Do any exoplanets have rings?
Rings orbit all of the gas giant planets in our solar system. They range from being very dusty (Jupiter), to very icy (Saturn), to very carbon-rich (Uranus and Neptune). This hints that rings may be common around cold gas giant exoplanets orbiting other stars too. A very large ring system has been detected around one candidate exoplanet, J1407 b; however the rings cover tens of millions of miles. It may be a disk of material forming exomoons rather than ring system similar to Saturn's.
Do exoplanets have water on them?
Scientists have found water molecules in the atmosphere of more than one exoplanet, but some of those planets are very hot and probably not suitable for life as we know it. Scientists have yet to discover liquid water, like oceans or lakes. They are looking for exoplanets with liquid water in an area called the “habitable zone.”
What is the habitable zone or “Goldilocks zone”?
Imagine if Earth was where Pluto is. The sun would be barely visible (about the size of a pea) and Earth's ocean and much of its atmosphere would freeze. On the other hand, if Earth took Mercury’s place, it would be too close to the sun and its water would form a steam atmosphere, quickly boiling off. The distance Earth orbits the sun is just right for water to remain a liquid.

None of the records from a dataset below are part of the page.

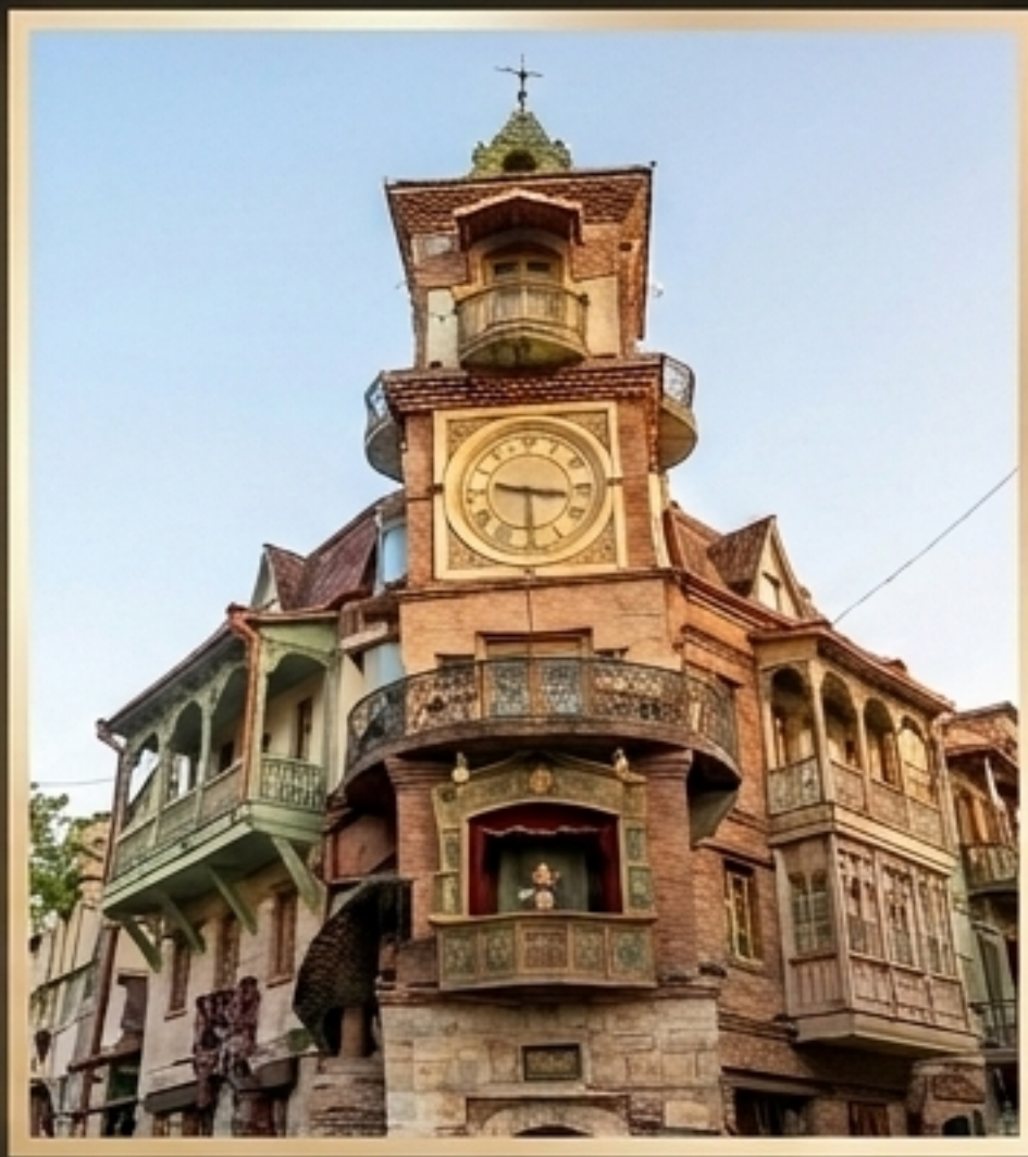
童话剧场·木偶钟楼
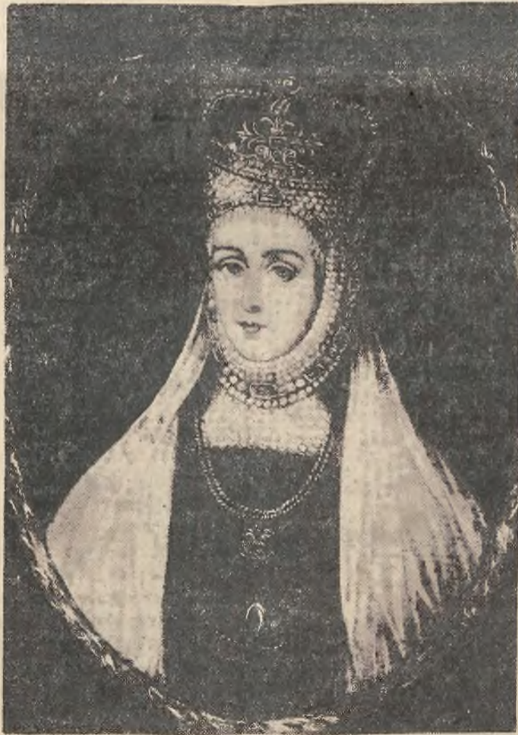
KROLOWA BARBARA RADZIWIŁŁOWNA
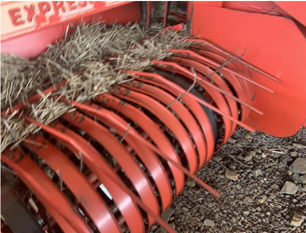
8.52. Foto 52
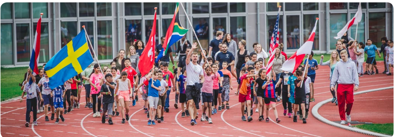
Olympische Sportweek Amsterdam
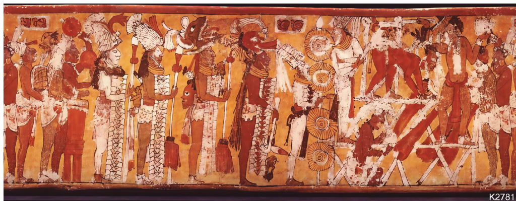
Fig. 7 Detalle del vaso del entramado. Nótese el escudo que portan frente al pecho realizado a base de telas blancas amarradas. Foto Justin Kerr K2781. Colección Dumbarton Oaks Washington DC PC.B. 594.
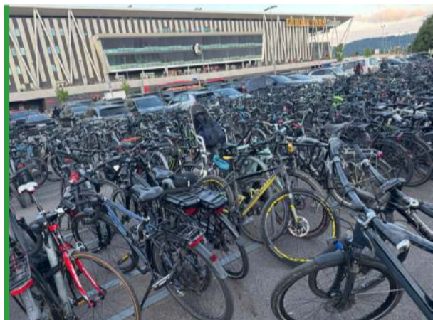
Jedną z wypożyczalni rowerowych jest sponsorem klubu. Na mecze przyjeżdżają tłumy cyklistów.

uśmiechnięty – ten sławny szkoleniowiec ma kilka ulubionych lokali, w których często przesiaduje, pijąc kawę. Liczyłem więc, że może go przypadkowo spotkam, ale nie tym razem. Loew czuje się związany z miastem. Z balkonu pięknego zabytkowego ratusza przy Rathausplatz prezentował zachwyconym mieszkańcom Puchar Świata w 2014 roku. Ciekawe, że portal ghanasoccernet oraz austriackie media sugerowały w zeszłym miesiącu, że Loew może poprowadzić reprezentację Ghany na najbliższym mundialu. Niemiecki szkoleniowiec w rozmowie ze Sky zaprzeczył tym doniesieniom. – Nikt oficjalnie ze mną nie rozmawiał – stwierdził. Teraz to nieważne. Był na meczu, jest szczęśliwy, przeżywa te chwile, jak wszyscy mieszkańcy tego położonego przy granicy z Francją i Szwajcarią niemieckiego miasta.

This distance from the sun is called the habitable zone, or the Goldilocks zone. Rocky exoplanets found in the habitable zone of their star, are more likely targets for detecting liquid water on their surface. Why is liquid water so important? Life on Earth started in water, and water is a necessary ingredient for life (as we know it).
What are exoplanets made of?
The exoplanets for which astronomers are able to measure both their sizes (diameters) and masses, have densities that are suggestive of compositions ranging from very rocky (like Earth and Venus) to very gas-rich (like Jupiter and Saturn). Exoplanets are made up of elements similar to that of the planets in our solar system, but their mix of those elements may differ. Some planets may be dominated by water or ice, while others are dominated by iron or carbon.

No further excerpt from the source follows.